(Problem to solve) Return all the lines below exactly. Any picture among them is omitted.

[Extracted data entries]
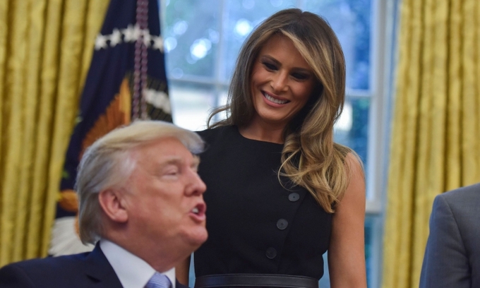 Cựu đệ nhất phu nhân Melania nhìn chồng trong một cuộc họp ở Phòng Bầu dục hồi tháng 9/2017. Ảnh: Washington Post.
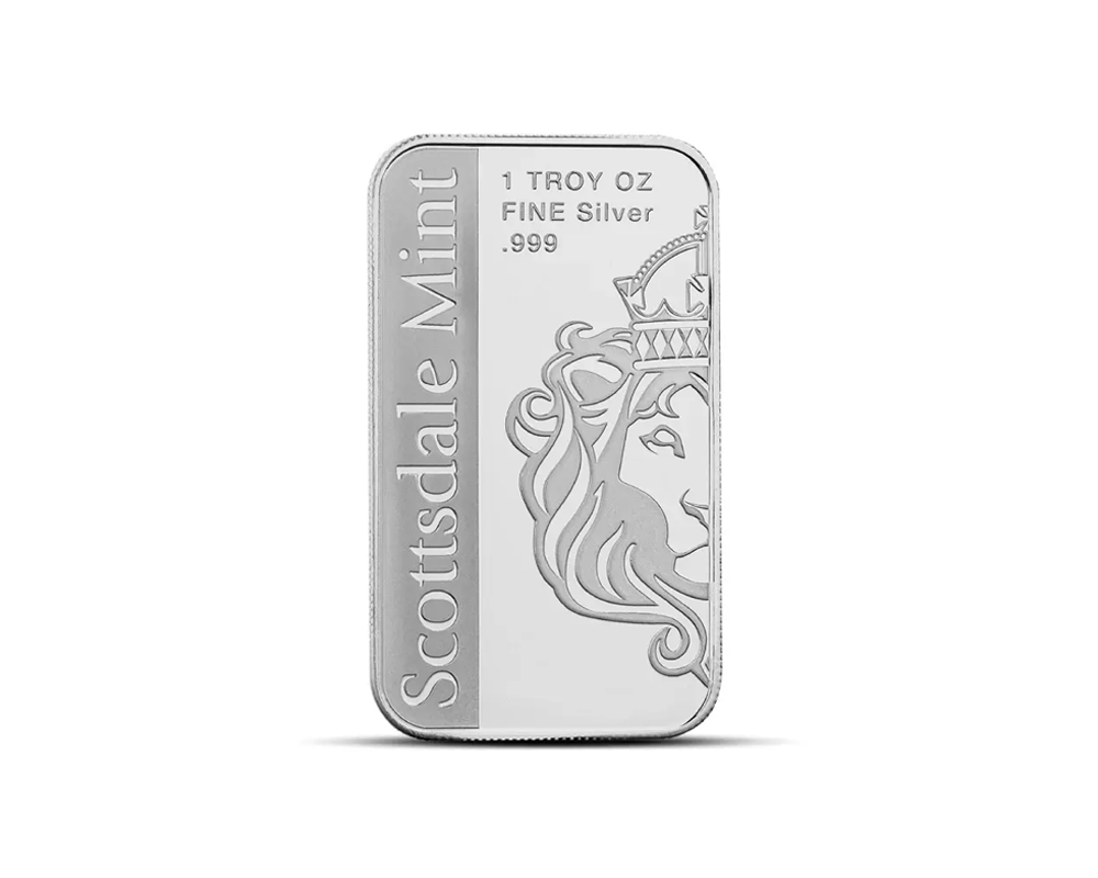 This 1 oz .999 fine silver bar from the Scottsdale Mint features a vibrant, colored patriotic design. The design depicts a powerful bald eagle with an American flag shield, representing liberty and justice. The bar is minted with a classic, high-quality finish.
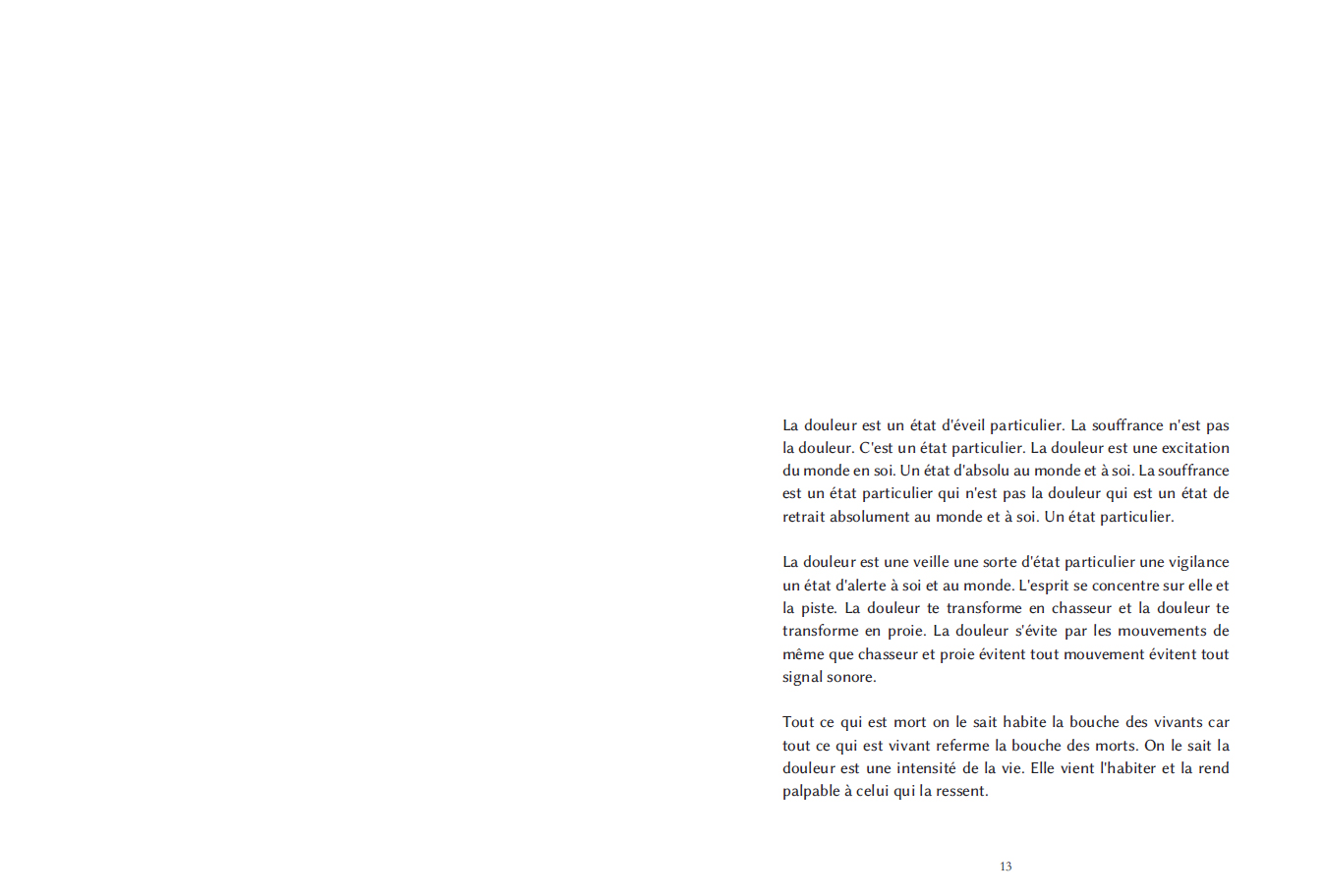 « …Désormais les entraves intimes, sociales et politiques resserrent tragiquement leurs liens. La peur se fait de plus en plus prégnante. Dans un futur proche, ne nous restera bientôt comme dernier geste que celui de prendre notre tête entre nos mains ou lever les yeux au ciel… ».
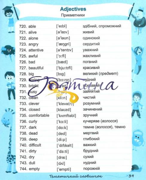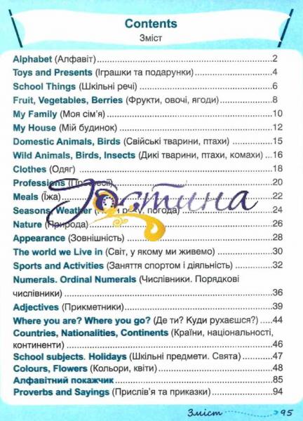 Зошит з друкованою основою призначений для ведення індивідуального словника, до якого учень уписує вивчені англійські слова, їх транскрипцію і переклад українською мовою. Зошит містить тематичний словничок, складений відповідно до чинної програми з англійської мови у початковій школі. Він охоплює передбачений програмою лексичний матеріал, що вивчається у 1-4 класах. Словник допоможе учням у виконанні домашніх завдань, а також стане у пригоді батькам для перевірки знань дітей. Наприкінці зошита міститься алфавітний покажчик. За українським словом легко знайти відповідне слово англійською мовою в тематичному словничку. Наведено прислів'я та приказки, які відповідають тематиці початкової школи.
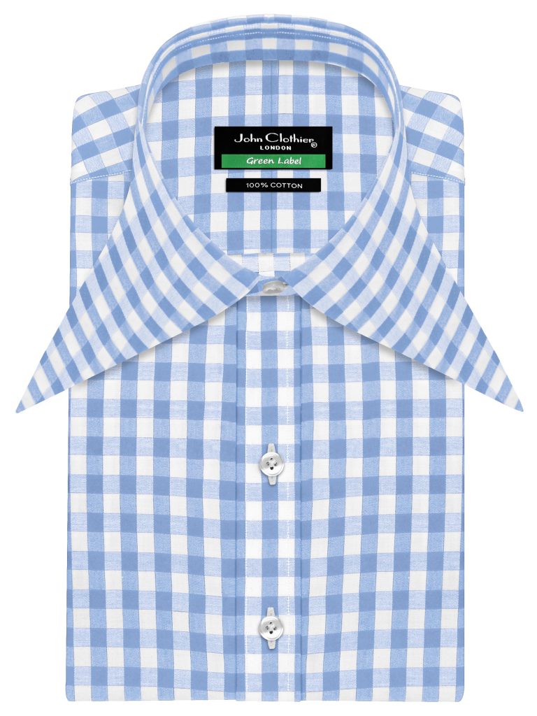 Sky Blue Gingham Checks High Band 2 Button Collar
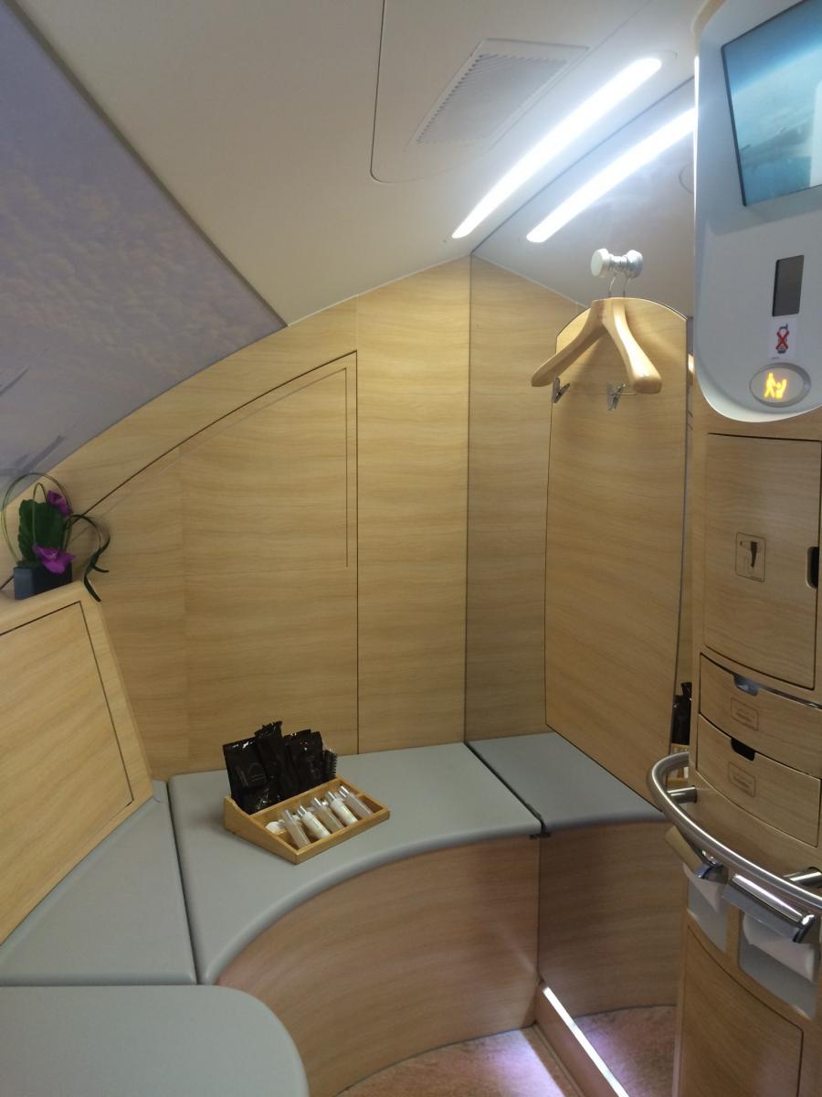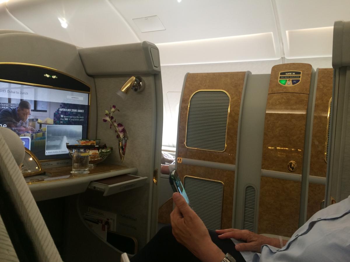 Wir sind letztens mit Emirates in der First geflogen. Dort mögen die absolute Privatsphäre. Man macht die Tür von seiner Kabine zu und ist wirklich für sich alleine. Keiner schaut zu, wie du schläfst.
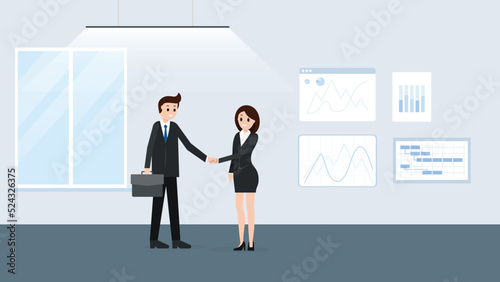 © vinayak, Fototapeta premium Man and women in office meet each other
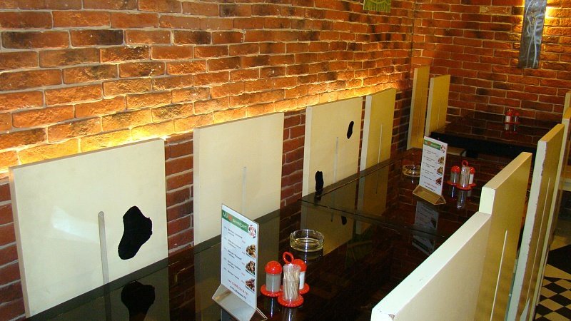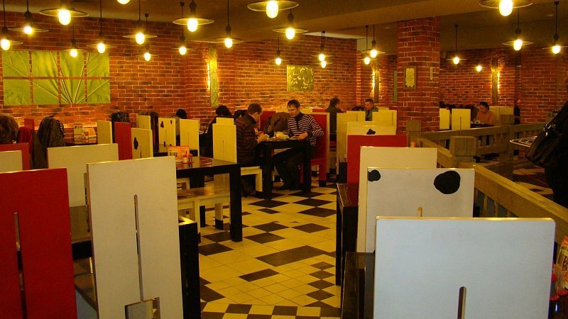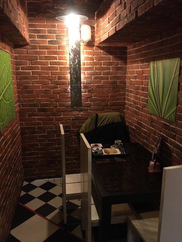Очень не нравится , когда спускаешься в помещении ступенек не видно из за рисунков квадратов на полу , будьте осторожны там , во вторых подвал , темно , шумно , душно , никого аппетита там кушать , когда говоришь что надо на раздаче не всегда внимательно слышать , вечно спешат ((((
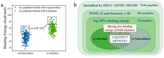 (a) Binding energy of peptide with α-amylase and α-glucosidase; (b) Venn diagram for peptide screening.
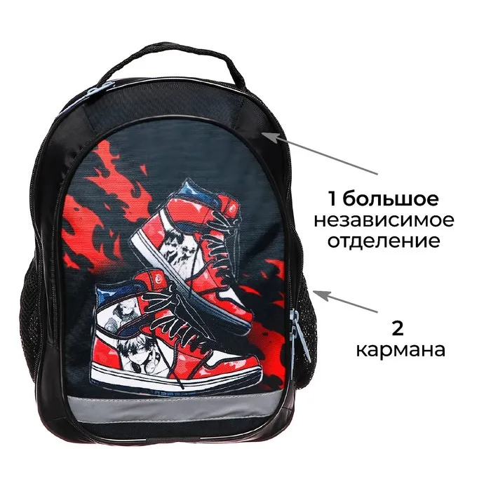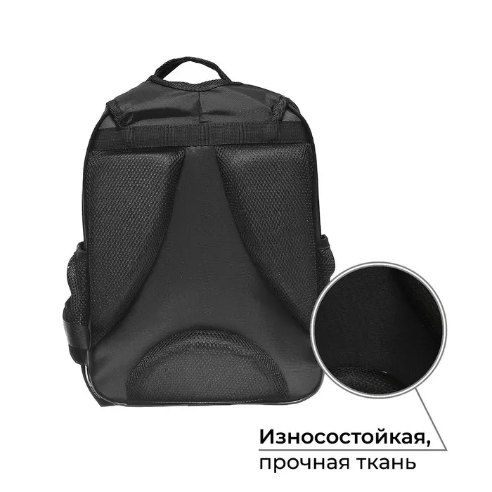 Выполнен из прочного непромокаемого материала с покрытием ПВХ, внутренняя поверхность продублирована плотной подкладочной тканью, внутренние швы окантованы. Вместительный основной отдел, дополнительный малый отдел, а также боковые карманы помогают удобно разместить ученические принадлежности.
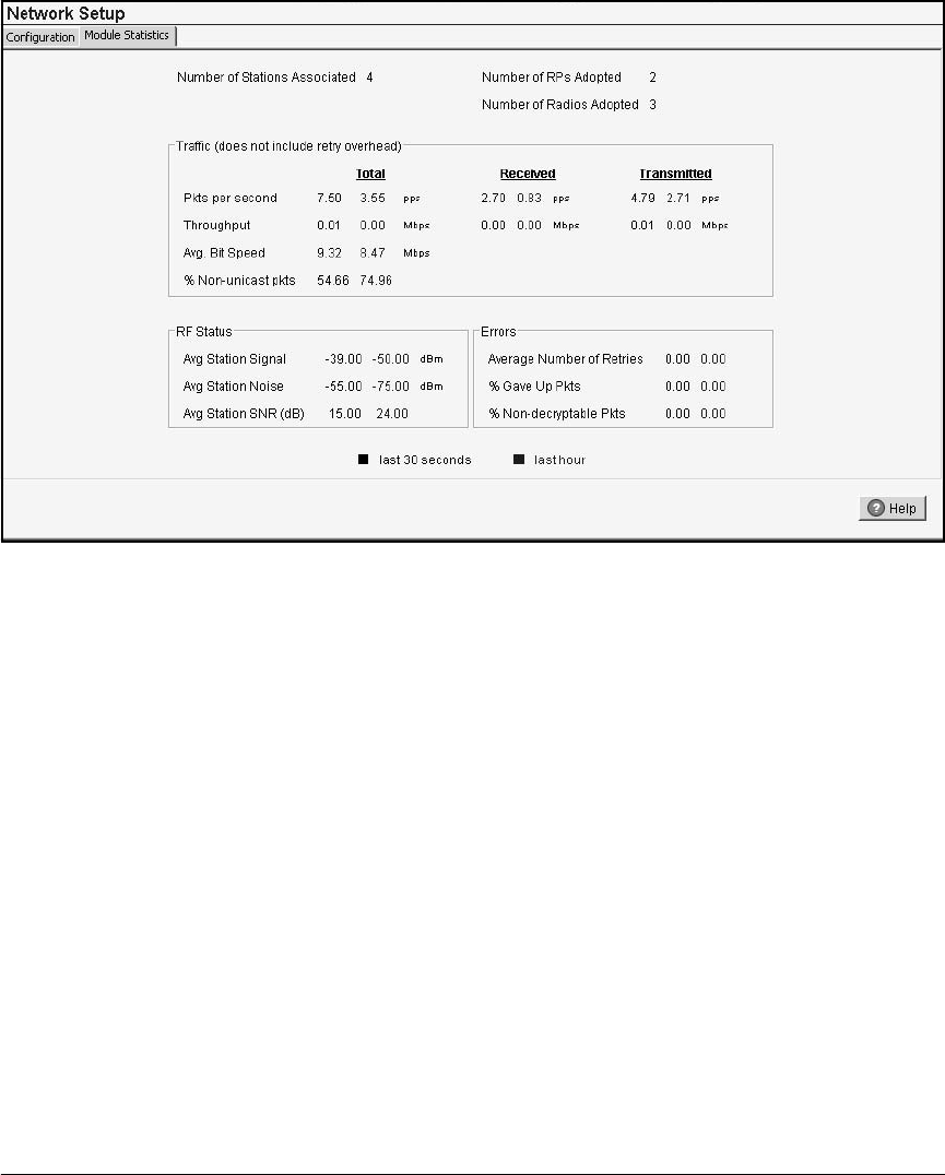 The Traffic section contains statistics similar to those discussed in “Wireless
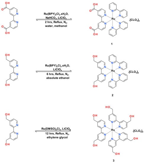 2. Qin, Y.; Peng, Q. Ruthenium sensitizers and their applications in dye-sensitized solar cells. Int. J. Photoenergy 2012, 2012, 842–857. [Google Scholar] [CrossRef]

(Response to this task)
 Cựu đệ nhất phu nhân Melania nhìn chồng trong một cuộc họp ở Phòng Bầu dục hồi tháng 9/2017. Ảnh: Washington Post.
 This 1 oz .999 fine silver bar from the Scottsdale Mint features a vibrant, colored patriotic design. The design depicts a powerful bald eagle with an American flag shield, representing liberty and justice. The bar is minted with a classic, high-quality finish.
 « …Désormais les entraves intimes, sociales et politiques resserrent tragiquement leurs liens. La peur se fait de plus en plus prégnante. Dans un futur proche, ne nous restera bientôt comme dernier geste que celui de prendre notre tête entre nos mains ou lever les yeux au ciel… ».
 Зошит з друкованою основою призначений для ведення індивідуального словника, до якого учень уписує вивчені англійські слова, їх транскрипцію і переклад українською мовою. Зошит містить тематичний словничок, складений відповідно до чинної програми з англійської мови у початковій школі. Він охоплює передбачений програмою лексичний матеріал, що вивчається у 1-4 класах. Словник допоможе учням у виконанні домашніх завдань, а також стане у пригоді батькам для перевірки знань дітей. Наприкінці зошита міститься алфавітний покажчик. За українським словом легко знайти відповідне слово англійською мовою в тематичному словничку. Наведено прислів'я та приказки, які відповідають тематиці початкової школи.
 Sky Blue Gingham Checks High Band 2 Button Collar
 Wir sind letztens mit Emirates in der First geflogen. Dort mögen die absolute Privatsphäre. Man macht die Tür von seiner Kabine zu und ist wirklich für sich alleine. Keiner schaut zu, wie du schläfst.
 © vinayak, Fototapeta premium Man and women in office meet each other
Очень не нравится , когда спускаешься в помещении ступенек не видно из за рисунков квадратов на полу , будьте осторожны там , во вторых подвал , темно , шумно , душно , никого аппетита там кушать , когда говоришь что надо на раздаче не всегда внимательно слышать , вечно спешат ((((
 (a) Binding energy of peptide with α-amylase and α-glucosidase; (b) Venn diagram for peptide screening.
 Выполнен из прочного непромокаемого материала с покрытием ПВХ, внутренняя поверхность продублирована плотной подкладочной тканью, внутренние швы окантованы. Вместительный основной отдел, дополнительный малый отдел, а также боковые карманы помогают удобно разместить ученические принадлежности.
 The Traffic section contains statistics similar to those discussed in “Wireless
 2. Qin, Y.; Peng, Q. Ruthenium sensitizers and their applications in dye-sensitized solar cells. Int. J. Photoenergy 2012, 2012, 842–857. [Google Scholar] [CrossRef]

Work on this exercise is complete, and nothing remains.